Ian is now 12 years old and has a 5 year old brother and 3 year old sister. We’ve been through 11 moves, 3 school districts, 2 marriages, and an adoption, all the while I was his biggest cheerleader and he was mine. As I watched him grow, supported his aspirations, and love him endlessly, he was watching me grow too.  For 7 years I was fueled by the belief that moms can’t dream, that being a mother means you let go and give up on that fire burning passion in your soul. After years of pursuing and pushing myself to chase someone else’s dream, I knew it was time I began chasing my own.

Today as I stand before you as an owner of not 1 but 2 successful businesses that I built from my belief and strong conviction that the nagging insistence in my soul is what I was made for. By pursing my dreams would not only build a better life for my family, but show my baby that you can be ANYTHING you want to be, it just takes heart and hustle.

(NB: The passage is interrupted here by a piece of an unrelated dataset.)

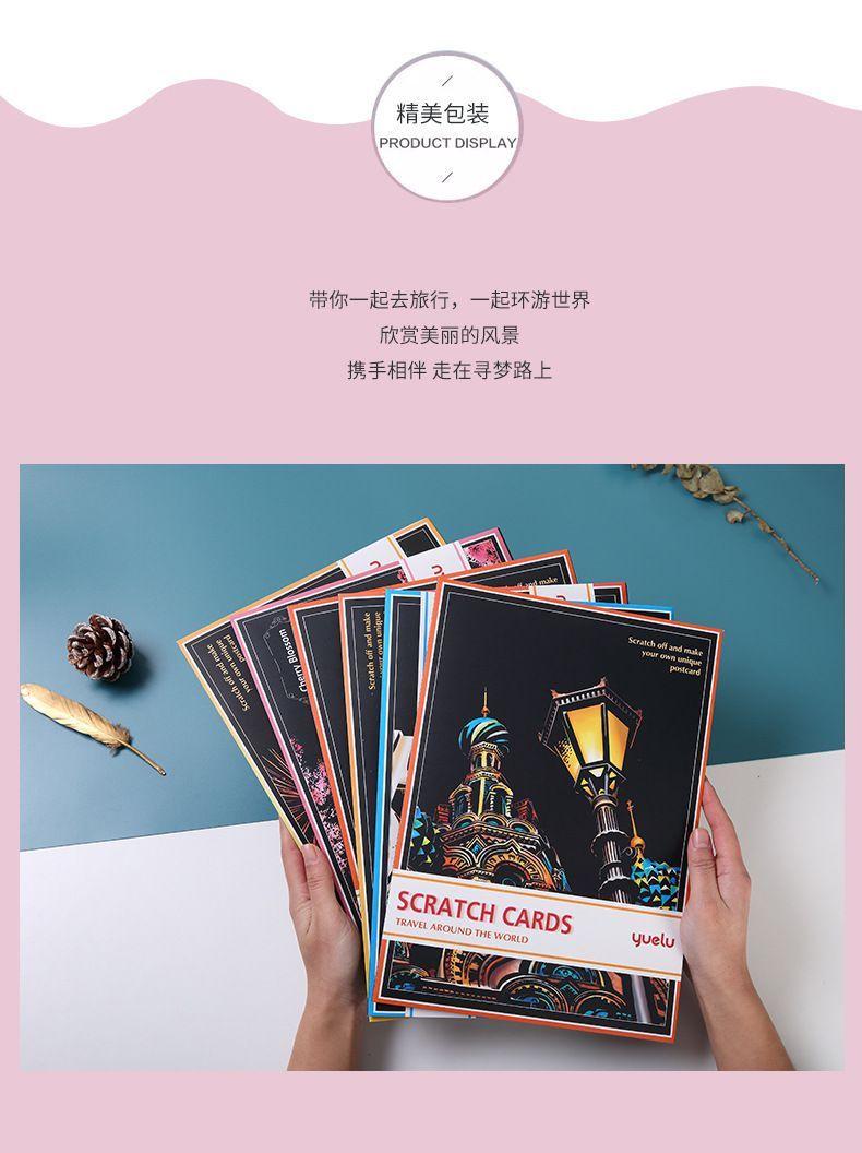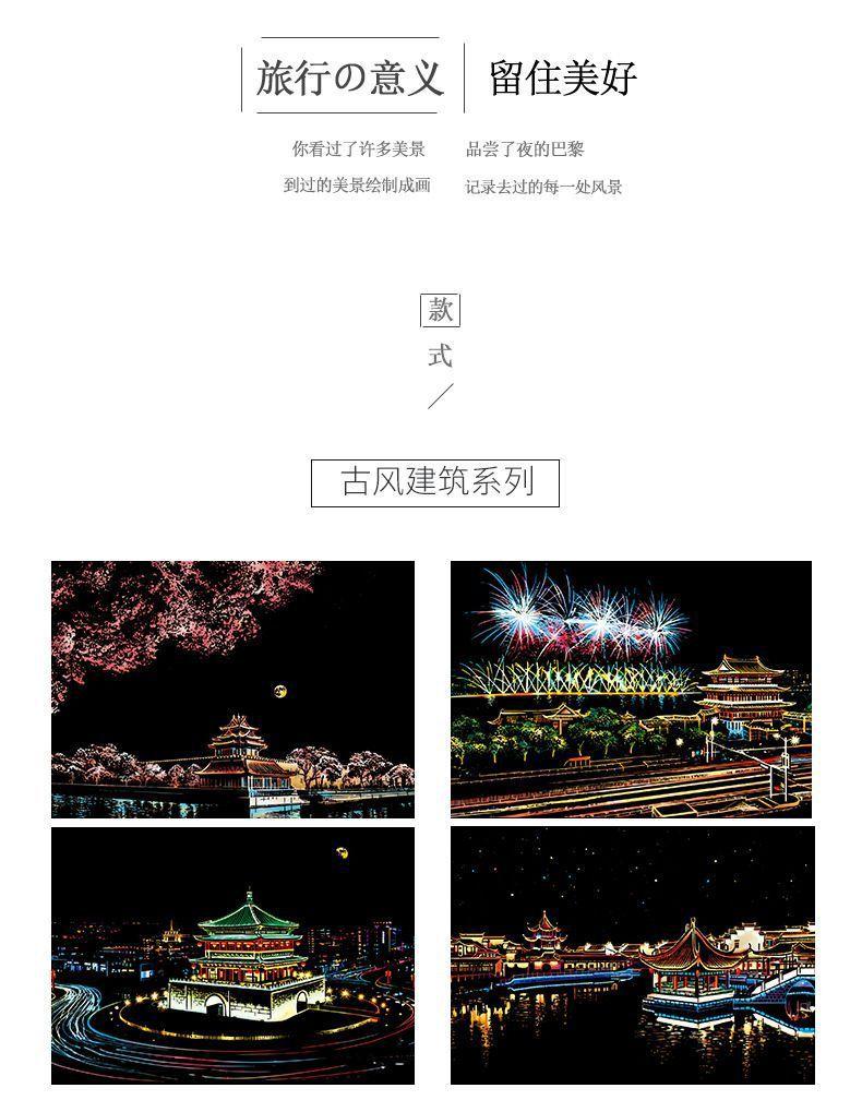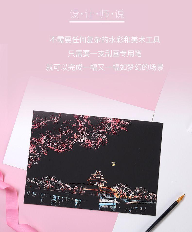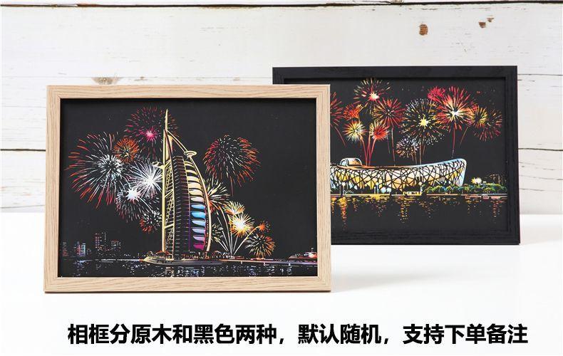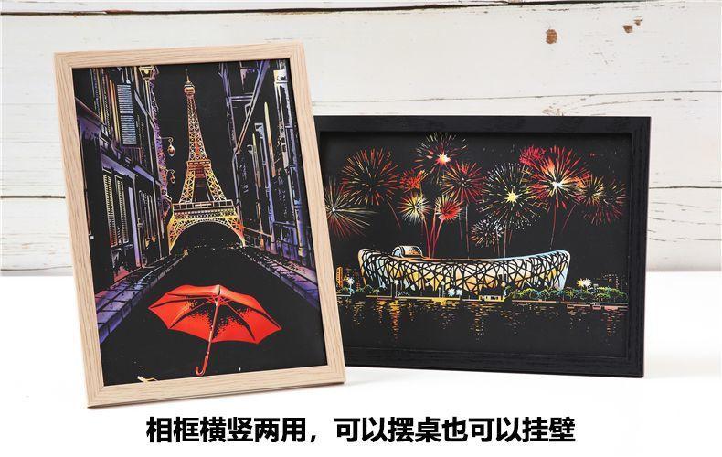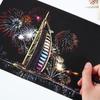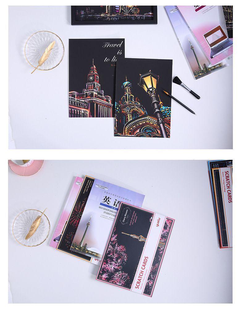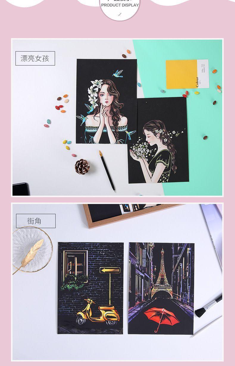 Pintura colorida de cena noturna A4 para arranhar, pintura de cenário de cidade, arte faça você mesmo, atividade artesanal, produção, pintura para arranhar, presente para namorada

Last fall Ian and I sat in our spots on the couch where we had many of our big talks before and I told him how sad I was to be missing most of his field band shows because I had weddings to shoot. After a deep breath and a gentle pat on my shoulder, “mama, it’s okay. I understand you have to work, I’m not upset, I know you love being a photographer and you doing that means you can help pay bills and its cool that it’s all yours. Please don’t be sad that you aren’t there, I know you will be when you can.” It was there on that tattered blue couch sitting with my first baby, that each moment from that green diagonal striped wallpaper room when I first learned that I would be a mama, my dreams weren’t on hold, they had only just begun. Yes the path was different, it was longer and had many more obstacles, but each one led me to a bigger goal, a better dream, and a richer life. Becoming a mother and being his mama is one of the greatest pieces of my story.